Of the 85 households, 27.1% of which had children under the age of 18 living with them, 38.8% were married couples living together, 10.6% were cohabitating couples, 21.2% had a female householder with no spouse or partner present and 29.4% had a male householder with no spouse or partner present. 41.2% of all households were non-families. 32.9% of all households were made up of individuals, 21.2% had someone living alone who was 65 years old or older.

The median age in the city was 40.3 years. 21.0% of the residents were under the age of 20; 5.5% were between the ages of 20 and 24; 27.1% were from 25 and 44; 28.2% were from 45 and 64; and 18.2% were 65 years of age or older. The gender makeup of the city was 50.8% male and 49.2% female.

===2010 census===
As of the census of 2010, there were 195 people, 97 households, and 54 families living in the city. The population density was 191.2 PD/sqmi. There were 109 housing units at an average density of 106.9 /sqmi. The racial makeup of the city was 99.0% White, 0.5% African American, and 0.5% from other races. Hispanic or Latino of any race were 1.5% of the population.

There were 97 households, of which 20.6% had children under the age of 18 living with them, 44.3% were married couples living together, 6.2% had a female householder with no husband present, 5.2% had a male householder with no wife present, and 44.3% were non-families. 38.1% of all households were made up of individuals, and 24.7% had someone living alone who was 65 years of age or older. The average household size was 2.01 and the average family size was 2.67.

The median age in the city was 48.8 years. 17.4% of residents were under the age of 18; 7.7% were between the ages of 18 and 24; 20.5% were from 25 to 44; 24.1% were from 45 to 64; and 30.3% were 65 years of age or older. The gender makeup of the city was 51.3% male and 48.7% female.

===2000 census===
As of the census of 2000, there were 215 people, 103 households, and 63 families living in the city. The population density was 210.4 PD/sqmi. There were 108 housing units at an average density of 105.7 /sqmi. The racial makeup of the city was 100.00% White. Hispanic or Latino of any race were 0.47% of the population.

There were 103 households, out of which 23.3% had children under the age of 18 living with them, 50.5% were married couples living together, 9.7% had a female householder with no husband present, and 37.9% were non-families. 35.9% of all households were made up of individuals, and 18.4% had someone living alone who was 65 years of age or older. The average household size was 2.09 and the average family size was 2.67.

In the city, the population was spread out, with 21.9% under the age of 18, 2.3% from 18 to 24, 26.0% from 25 to 44, 27.4% from 45 to 64, and 22.3% who were 65 years of age or older. The median age was 45 years. For every 100 females, there were 93.7 males. For every 100 females age 18 and over, there were 86.7 males.

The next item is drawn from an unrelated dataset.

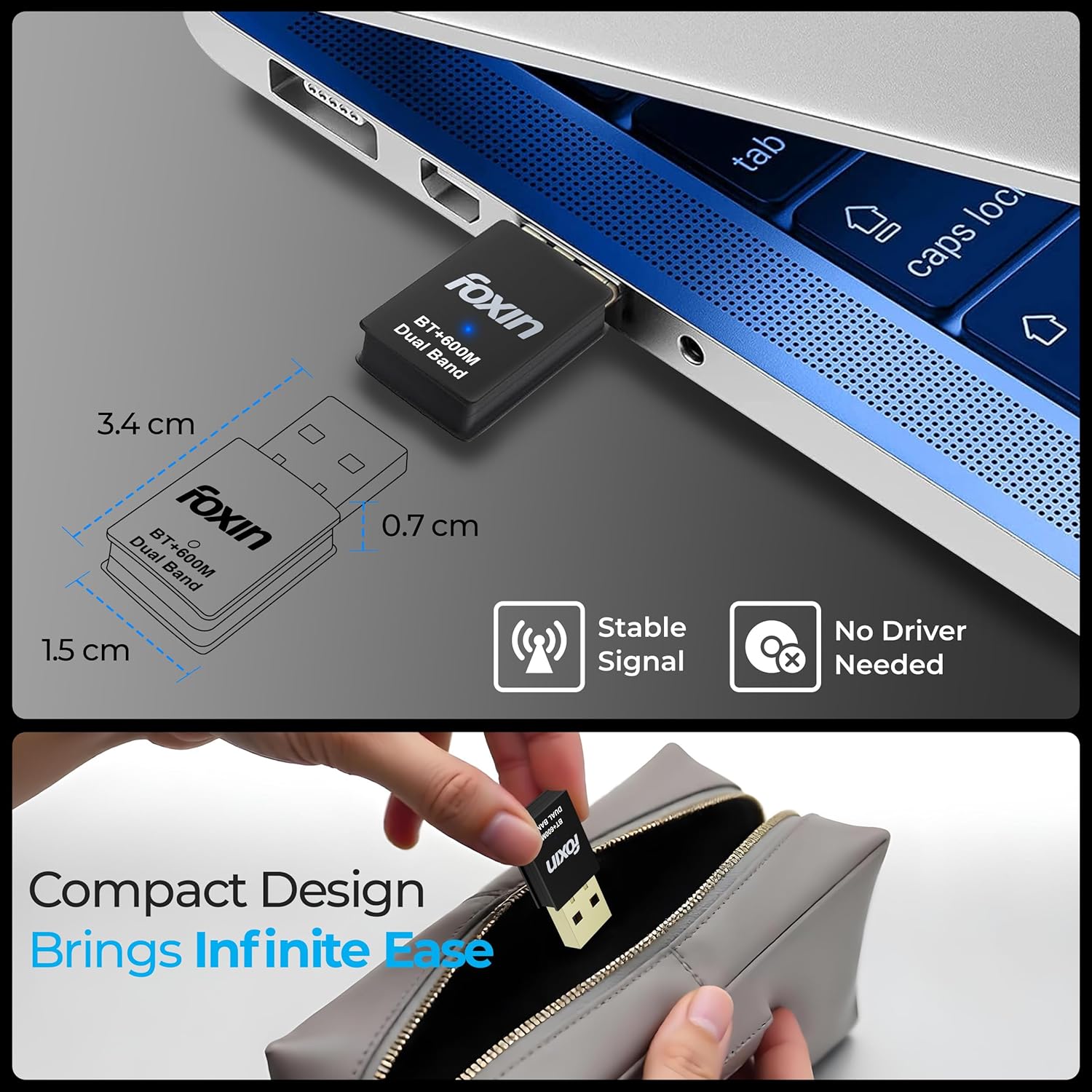 Foxin Nano 600 Mbps Dual Band Wireless USB 2.0 Wi-Fi + Bluetooth 4.2 Adapter for PC, Desktop, Laptop | Mini WiFi Dongle Compatible with Windows, Mac & Linux | WPA/WPA2 Security | 10-20M Range

The median income for a household in the city was $37,083, and the median income for a family was $38,750. Males had a median income of $33,333 versus $22,000 for females. The per capita income for the city was $18,503. About 7.8% of families and 7.5% of the population were below the poverty line, including 9.5% of those under the age of eighteen and 14.8% of those 65 or over.

==Education==
It is in the Southeast Valley Community School District. Southeast Valley High School in Gowrie is that district's comprehensive high school.

Previously, Boxholm was a part of the Southeast Webster-Grand Community School District, established on July 1, 2005 by the merger of the Grand Community School District and the Southeast Webster Community School District. In 2023 that district merged into the Southeast Valley district.

At one point Boxholm had its own elementary school.